София зажимает глаза кончиками пальцев. Эрик подходит к ней сзади, кладет ладони на плечи и утешает.
– В общем, Питер… Питер сказал, что если он решится на такое, то сделает это в «Макдоналдсе». На Мэйн-стрит. Знаете, это прозвучало шуткой. Но, наверное… наверное, шуткой не было, да?
– Нет, мэм. Наверно, нет.
Вот вам и ответ, детектив Макгалли. «Как эта печальная история доказывает, что парень пал жертвой убийства?» Никак не доказывает.
Необычный ремень, грузовик – все это не имеет отношения к делу. Когда эксперимент с запретными веществами закончился катастрофой – его поймали на единственном в жизни воровстве и предательстве, оставили наедине со стыдом и мучительной ломкой, – статистик Питер Зелл провел очередной анализ, тщательно рассчитал отношение риска к вознаграждению и убил себя.
Бум!
– Детектив?
– Да?
– Вы не записываете.
Эрик Литтлджон смотрит на меня чуть ли не с подозрением, будто я что-то скрываю.
– Вы больше не записываете то, что мы сказали.
– Нет. Просто я… – Я сглатываю и встаю. – Дело закрыто. Простите за беспокойство.
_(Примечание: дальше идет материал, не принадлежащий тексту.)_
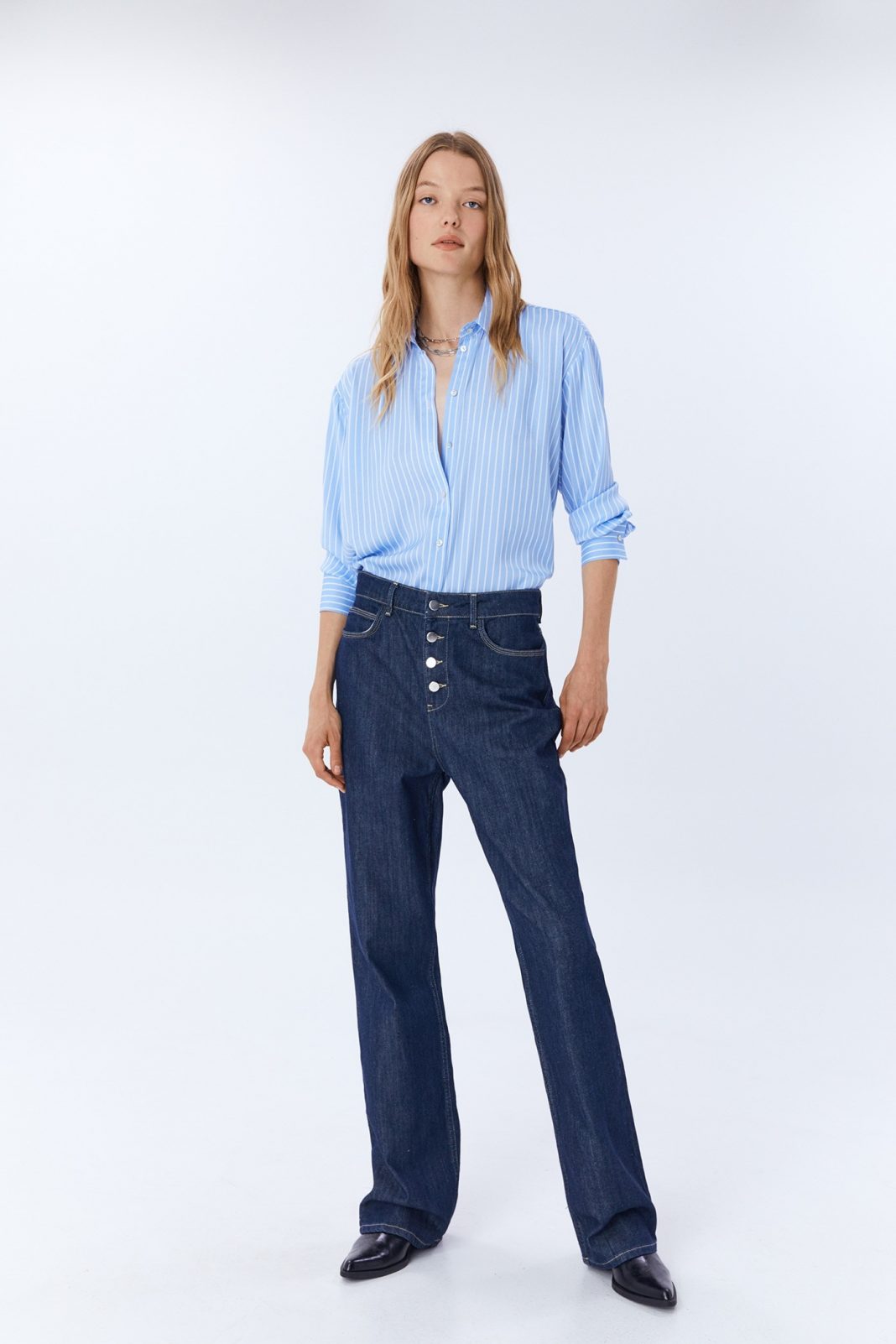Otras de las tendencias que vuelve, pero esta vez más recatada son las rayas. Sfera trae dentro de sus creaciones de otoño esta camisa satinada estampada que no puede quedar mejor al cuerpo. No es tremendamente pegada, pero tampoco se convierte en camisola. Con rayas ‘beige’ y celestes, puedes crear ‘looks’ ideales para ir a la ofi sin ir demasiado arreglada. Combinando con unos vaqueros o pantalones cómodos, puedes lucir desenfadada sin necesidad de acudir a desarregladas camisetas. La modelo lleva varios botones desabrochados, hacer esto o no dependerá de cómo sea el ambiente de tu lugar de trabajo. Esta camisa es más barata que las anteriores: 17,99 euros.

* * *Пять часов спустя. Или шесть, не знаю. Середина ночи. Мы с Андреасом на улице, оба сбежали из «Пинача» – бара в подвальчике на Феникс-стрит. Сбежали от гомона и дыма, от угрюмой атмосферы подполья и стоим на грязной мостовой. Ни ему, ни мне не хотелось пива. Андреаса Макгалли буквально силой вытащил с рабочего места – отмечать закрытое мной дело. Дела я не раскрыл, да и не было никакого дела. Все равно там, внизу, ужасно: свежий дым смешивается с застоявшейся табачной вонью, орет телевизор, народ теснится к исписанным граффити столбам, не дающим потолку рухнуть. Да еще какой-то остряк зарядил музыкальный автомат дозой иронии. Элвис Костелло «В ожидании конца света», Том Уэйтс «Земля умирает, крича» и, уж конечно, знаменитая песенка R. E. M. крутится снова и снова.
На улице снег, жирные грязные снежинки косо летят сверху, рикошетят от кирпичных стен. Я засунул руки в карманы, стою, запрокинув голову, уставившись в небо единственным целым глазом.